What were we thinking? We now have messy houses and huge grocery bills!
He later called and asked if I'd like to go to dinner and a movie. The night we were supposed to go out, the water went out in our twin dorms. No showers, no problem. I just showered at the gym and finished getting ready in my room. Then the phone rang and it occurred to me for the first time that the water being out might be enough for him to cancel. Nope. I guess he wanted to make sure his I didn't show up stinky because he offered to let me shower at his girl friend's apartment.
Overall, he should have gotten an 'A' for effort. I almost didn't recognize him when he met me in the lobby because he'd cut off his beautiful curls for the occasion. He cooked dinner, sang to me during dinner while he played his guitar, and then we went to watch The Titanic. However, I didn't feel any real attachment to him and I wasn't looking for a boyfriend so when he asked what I wanted, I said "I'm not looking for a relationship."
He said he understood. But when we returned from Spring Break a little over a week later, he began calling and asking me to do something every evening. I felt guilty going because I knew I didn't have any feelings for him but I felt like I should give it a try since we were supposed to be so perfect for each other. We did all sorts of fun things. Looking back, he had really planned it all out carefully to win me over. I still thought of him very much as a friend. I finally caved after a month and we were a couple.

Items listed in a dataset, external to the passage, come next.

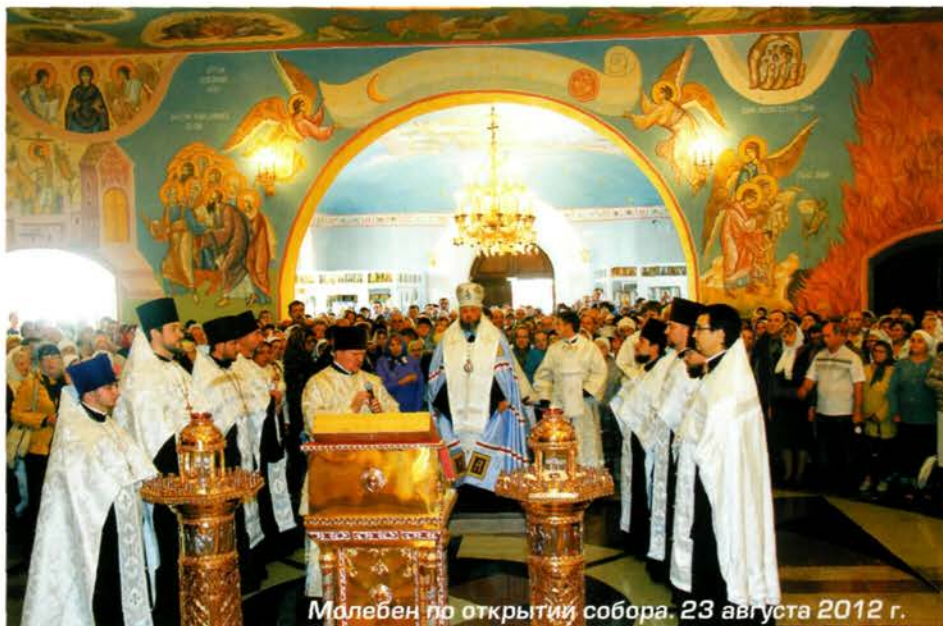
Малёбен по открытии собора. 23 августа 2012 г.

Записала Ирина Казанцева.
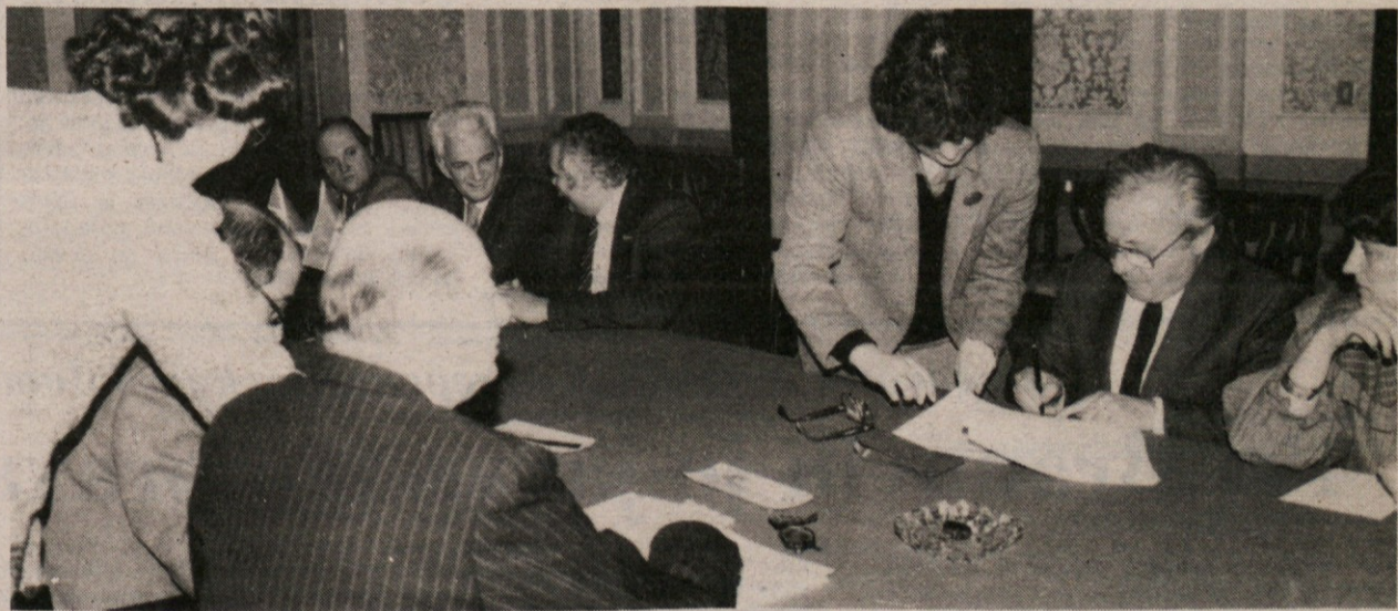
Podpisovanje zapisnika na goriški prefekturi

Tako se je zgodilo, da je skupna nesreča obeh Goric med lanskimi poplavami iz čisto praktičnih in življenjskih potreb privedla do tesnega sodelovanja ustreznih služb in njihovih strokovnjakov. Vsako zlo je za nekaj dobro. (gv)
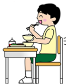
○食器を持ち姿勢よく食べる

しよつき も しよくじ しよつき も た 食器をきちんと持つことは、食事のマナーのひとつです。食器をきちんと持って食べる た ふせ りょうり た み め うつく み よ た かた と、食べこぼしを防ぎ、料理が食べやすくなります。見た目も美しく見えます。良い食べ方 み つ かてい しどう ねが を身に付けるようにしましょう。ご家庭でも指導をよろしくお願いいたします。
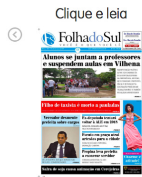
Edição nº 1153 de 18 a 24 de março de 2017

As matérias possuem autoria creditada ao fim do texto, com a data na parte superior à esquerda e com as informações precisas do dia e horário em que foram publicadas no site. O jornal não possui indicação do trajeto de como o leitor chegou naquela informação, apenas uma classificação simples da categoria onde se encontra a informação, não sendo possível acompanhar o conteúdo de forma sequencial. Não há também um mapa de navegação para facilitar a trajetória. Ao final das matérias,
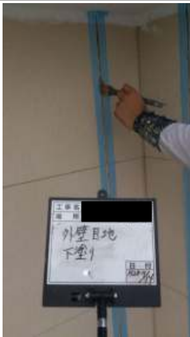
外壁(2F) シーリング下塗り施工中
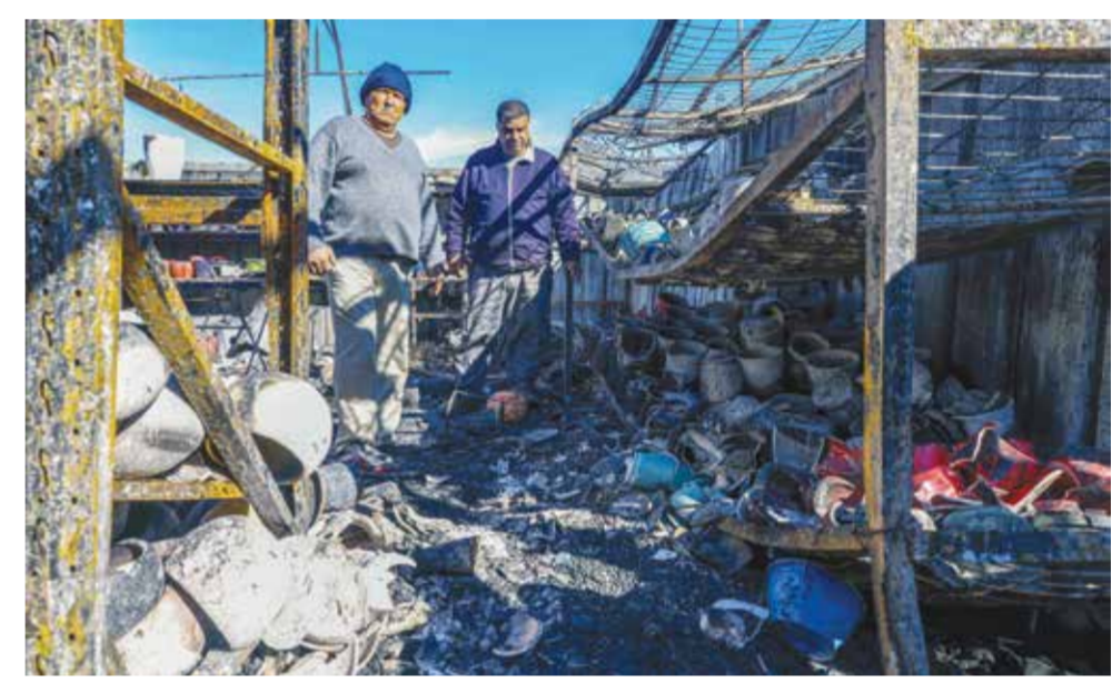
فلسطينيان يفحصان ممتلكاتهما التي أحرقتها قطعان المستوطنين.

The first six months were full of breakups. All me breaking up with him. All because I didn't feel a connection with him. The last one was at six months. It lasted two weeks. I was right to break up with him and would have been more right to stay broken up with him but everyone we knew took a side. His side. I was harassed by everything from "But he's so nice. You'll never find another one like him." to "Well, if you break up with him, we're still hanging out with him because we like him." He called and e-mailed constantly which I ignored. My roommate told him not worry that I'd be back. The final straw was when my best friend confronted me. I figured he'd get tired of me eventually.
K was everything people say would make a good boyfriend. He was loyal and happy to hang out with my friends. He seemed to really care and my friends especially liked that he wasn't all over me the way the last guy had been. He later confessed that he learned how to behave by reading a lot of Cosmo.
There were warning signs then:
- K was extremely quiet. We really didn't talk much.
- He was rather awkward. His different walk was noticeable right away.
- He does/did? have a high voice. It was noticeable to me then. Not so much 17 years later.
- It was really hard to connect with him. It took at least a year and a half before I felt a connection at all. I was ready to give up. My friends weren't.